Objective
Homeless patients are a vulnerable population with a higher incidence of using the Emergency Department (ED) for non-crisis care. Multiple charity programs target their outreach toward improving the health of homeless patients but few data are available on the effectiveness of reducing ED recidivism. The aim of this study is to determine whether inappropriate ED utilization for non-emergency care may be reduced by providing charity insurance and assigning homeless patients to a primary care physician (PCP) in an outpatient clinic setting.
Methods
A retrospective medical records review of homeless patients presenting to the ED and receiving treatment between July, 2013 and June, 2014 was completed. Appropriate versus inappropriate utilization of the ED was determined using the New York University ED Algorithm (NYUA).
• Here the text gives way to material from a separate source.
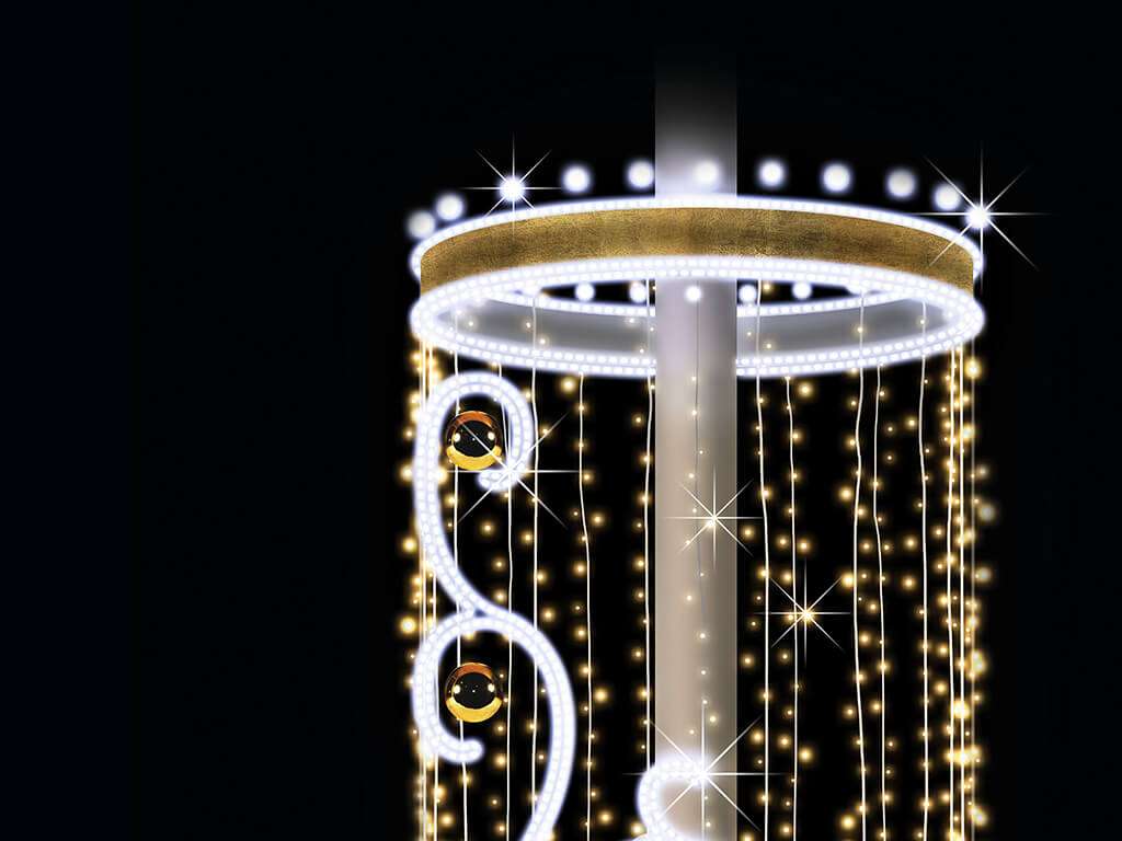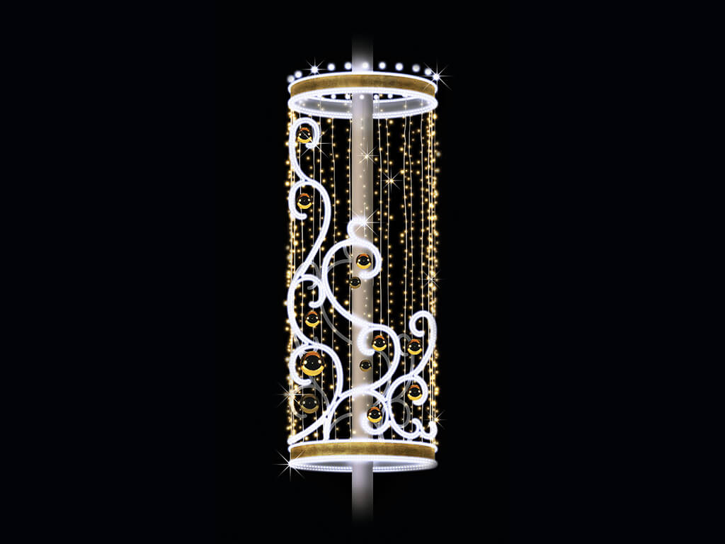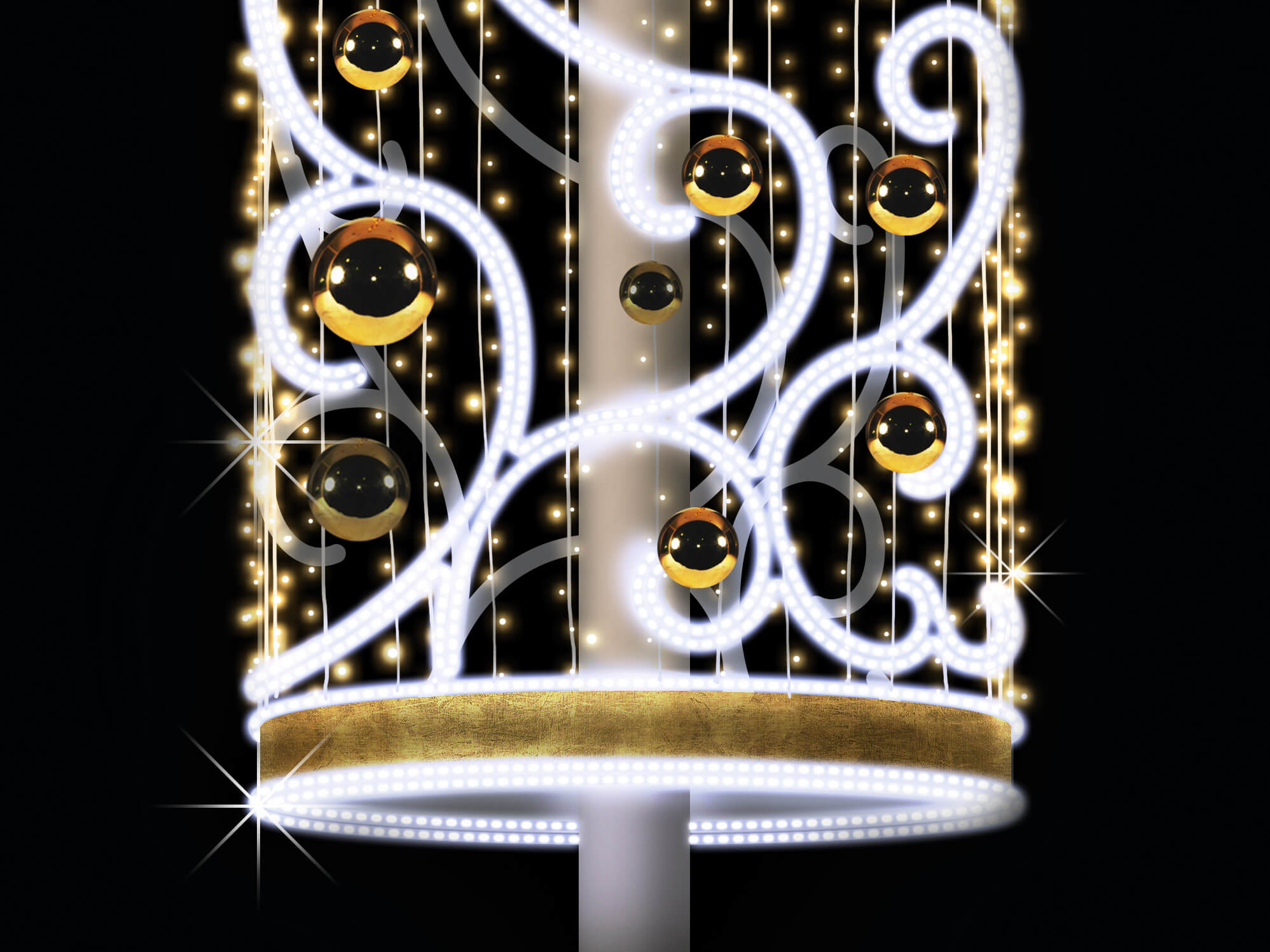 Consoles featuring an intricate pattern and decorative spheres are an eye-catching addition to a square or street. Their size ensures visibility even on larger thoroughfares. The combination of warm and cool light creates an attractive effect, making this console suitable for any festive concept.

The association between patients with charity care coverage, PCP assignment status, and appropriate versus inappropriate ED utilization was analyzed and compared.
Results
Following NYUA standards, 76% of all ED visits were deemed inappropriate with approximately 77% of homeless patients receiving charity care and 74% of patients with no insurance seeking non-crisis healthcare in the ED (p=0.112). About 50% of inappropriate ED visits and 43.84% of appropriate ED visits occurred in patients with a PCP assignment (p=0.019).
Conclusion
Both charity care homeless patients and those without insurance coverage tend to use the ED for non-crisis care resulting in high rates of inappropriate ED utilization. Simply providing charity care and/or PCP assignment does not seem to sufficiently reduce inappropriate ED utilization in homeless patients.